前世涉世未深又突遭大变,在这些人威压之下心如擂鼓,并未给自己谋些什么,只想着护弟弟周全。
导致被迫离寨后,修行前期停滞不前,受太多难言之苦。
如今,只要谋划得当,他有至少六种办法,无后患快速完成练气阶段修行,筑基也不是不可能。
届时,雪冤报仇,眼前这群小人,尽皆诛戮,不是难事。
“诸位言语偏颇!难道忘了我兄弟二人身上流的也是雪母十二支的血,敬的也是齐氏祖灵,生在火塘边,死后与你们一样也是火焚成灰,岩穴埋棺。”
“怎么说的我们好像是外族人一般。”
“我们可是血脉同源的一家人啊!”
齐草黄瞪大眼睛看着众祭师,频频摇头,叹息连连。
他字字如箭,刺的刚刚手刃族亲的众祭师憋愤不已,法铃颤动。
试问,他们哪一个手上没有直接或间接沾染同族的血?
答案是零。
里子已经烂透了,披在其上的面皮却越发光鲜。
“齐草玄会是这一批第一个学习【叙古经】的人,且不用承担任何责任。”
“但毒月乃族之重器,不能给你。”
清泉之音再次响起,听不出任何情绪。
齐草黄伸手指着刑罚室外,朗声而言:
“在场有长房的祭师大人吗?我猜没有,诸位为什么瞒着长房处决我父亲,我想你们比我更清楚。”
“今我父既死,其中是非我不想再论,只说一点。”
“若想让我成为堵住长房祭师悠悠众口的塞子,便答应我的要求,我保证自己会是一个完美的封口条。”
“不然,我也可以是拥有一百三十七位祭师,占家族祭师数量一半的长房反击你们的理由。

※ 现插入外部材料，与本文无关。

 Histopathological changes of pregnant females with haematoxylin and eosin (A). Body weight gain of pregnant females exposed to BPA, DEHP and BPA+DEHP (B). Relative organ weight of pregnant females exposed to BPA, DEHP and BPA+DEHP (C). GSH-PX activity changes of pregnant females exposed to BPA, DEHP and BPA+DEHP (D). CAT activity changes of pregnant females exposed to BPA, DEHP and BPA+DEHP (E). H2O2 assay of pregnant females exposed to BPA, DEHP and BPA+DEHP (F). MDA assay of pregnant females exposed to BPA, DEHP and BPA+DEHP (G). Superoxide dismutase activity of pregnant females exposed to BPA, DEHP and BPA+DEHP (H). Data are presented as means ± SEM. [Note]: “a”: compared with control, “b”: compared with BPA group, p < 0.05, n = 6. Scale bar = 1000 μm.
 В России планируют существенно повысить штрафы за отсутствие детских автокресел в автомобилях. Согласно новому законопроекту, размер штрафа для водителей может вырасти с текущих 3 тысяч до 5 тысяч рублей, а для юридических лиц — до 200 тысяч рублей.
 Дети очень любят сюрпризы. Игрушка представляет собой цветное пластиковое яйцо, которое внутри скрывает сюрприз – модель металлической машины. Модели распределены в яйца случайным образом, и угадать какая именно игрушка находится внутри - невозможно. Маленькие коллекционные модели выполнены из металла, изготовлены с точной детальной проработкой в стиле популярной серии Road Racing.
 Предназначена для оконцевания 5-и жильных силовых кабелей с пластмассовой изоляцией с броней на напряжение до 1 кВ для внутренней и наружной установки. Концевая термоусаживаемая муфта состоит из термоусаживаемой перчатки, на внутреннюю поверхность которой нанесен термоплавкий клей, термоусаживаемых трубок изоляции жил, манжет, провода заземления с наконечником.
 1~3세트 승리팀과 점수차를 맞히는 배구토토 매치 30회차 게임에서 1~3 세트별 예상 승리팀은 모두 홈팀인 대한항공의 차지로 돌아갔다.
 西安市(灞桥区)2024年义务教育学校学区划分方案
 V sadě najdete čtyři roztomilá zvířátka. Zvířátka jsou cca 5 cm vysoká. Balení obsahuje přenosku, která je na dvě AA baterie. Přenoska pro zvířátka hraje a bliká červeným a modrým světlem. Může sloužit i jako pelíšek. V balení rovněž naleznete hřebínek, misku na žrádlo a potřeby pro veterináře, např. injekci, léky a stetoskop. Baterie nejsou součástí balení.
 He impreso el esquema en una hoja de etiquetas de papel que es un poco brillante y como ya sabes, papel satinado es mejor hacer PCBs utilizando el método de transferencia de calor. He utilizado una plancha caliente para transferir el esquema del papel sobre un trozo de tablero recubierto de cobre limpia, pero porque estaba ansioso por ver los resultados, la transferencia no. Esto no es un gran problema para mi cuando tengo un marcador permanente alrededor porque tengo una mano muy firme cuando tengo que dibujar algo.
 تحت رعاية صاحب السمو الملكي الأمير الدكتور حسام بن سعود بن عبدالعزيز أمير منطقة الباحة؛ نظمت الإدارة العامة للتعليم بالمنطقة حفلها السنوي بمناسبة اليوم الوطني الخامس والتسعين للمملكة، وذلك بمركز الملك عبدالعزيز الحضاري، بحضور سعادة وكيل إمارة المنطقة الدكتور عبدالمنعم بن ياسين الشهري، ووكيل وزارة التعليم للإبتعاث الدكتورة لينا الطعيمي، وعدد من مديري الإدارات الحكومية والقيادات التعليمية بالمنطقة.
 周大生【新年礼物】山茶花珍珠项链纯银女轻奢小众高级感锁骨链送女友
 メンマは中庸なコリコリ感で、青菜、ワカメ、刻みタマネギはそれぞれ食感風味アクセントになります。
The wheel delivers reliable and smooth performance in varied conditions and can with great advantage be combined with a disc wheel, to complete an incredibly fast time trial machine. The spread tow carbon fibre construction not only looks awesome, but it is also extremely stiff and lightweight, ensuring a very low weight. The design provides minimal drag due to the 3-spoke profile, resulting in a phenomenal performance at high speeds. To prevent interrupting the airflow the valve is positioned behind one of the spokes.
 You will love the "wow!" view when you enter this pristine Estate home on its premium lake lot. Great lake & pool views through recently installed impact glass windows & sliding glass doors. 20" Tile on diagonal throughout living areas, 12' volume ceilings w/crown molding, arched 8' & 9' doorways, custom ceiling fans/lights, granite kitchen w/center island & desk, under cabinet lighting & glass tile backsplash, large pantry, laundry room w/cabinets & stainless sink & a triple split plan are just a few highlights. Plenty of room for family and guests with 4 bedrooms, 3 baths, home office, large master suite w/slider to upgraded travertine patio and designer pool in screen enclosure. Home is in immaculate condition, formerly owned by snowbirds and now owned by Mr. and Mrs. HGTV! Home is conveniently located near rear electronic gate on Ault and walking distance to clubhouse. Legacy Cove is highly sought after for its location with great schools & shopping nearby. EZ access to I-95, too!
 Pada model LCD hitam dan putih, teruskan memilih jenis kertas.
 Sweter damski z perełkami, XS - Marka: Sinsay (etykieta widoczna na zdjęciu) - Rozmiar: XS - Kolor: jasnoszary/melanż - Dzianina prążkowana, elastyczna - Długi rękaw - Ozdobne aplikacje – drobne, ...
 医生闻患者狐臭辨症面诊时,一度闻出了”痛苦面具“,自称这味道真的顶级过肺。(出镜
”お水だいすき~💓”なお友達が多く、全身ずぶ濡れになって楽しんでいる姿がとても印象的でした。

”
齐蛛冷笑:
“笑话,难道我们这些祭师还没办法治你一个凡人吗?只是姑念有一脉之亲,不忍加诛.....”
“杀我!”
齐草黄吐字如刀,眼神如火侵掠,仿佛下一秒便要引颈就戮。
齐蛛登时语噎。
隐没在银冠之下的平静神情在一刹那幻变成微张嘴巴的恍惚。
这个确有几分血亲的“堂侄”,从见面开始,便已经超乎自己的预料。
四房之争,动辄死命,好似无形的沼泽泥潭,稍有差池便尸骨无存,何况父死当面。
他凭什么一副如履平地的模样。
她看着这个少年的眼睛,试图搜寻着他慌张的蛛丝马迹。
但她无法分辨。
一股新的恐惧涌上心头,继而便是大水灭顶似无法阻挡的滔滔杀机。
若等他长立成人,羽翼丰满....
哪里还有今日此室中人的活路。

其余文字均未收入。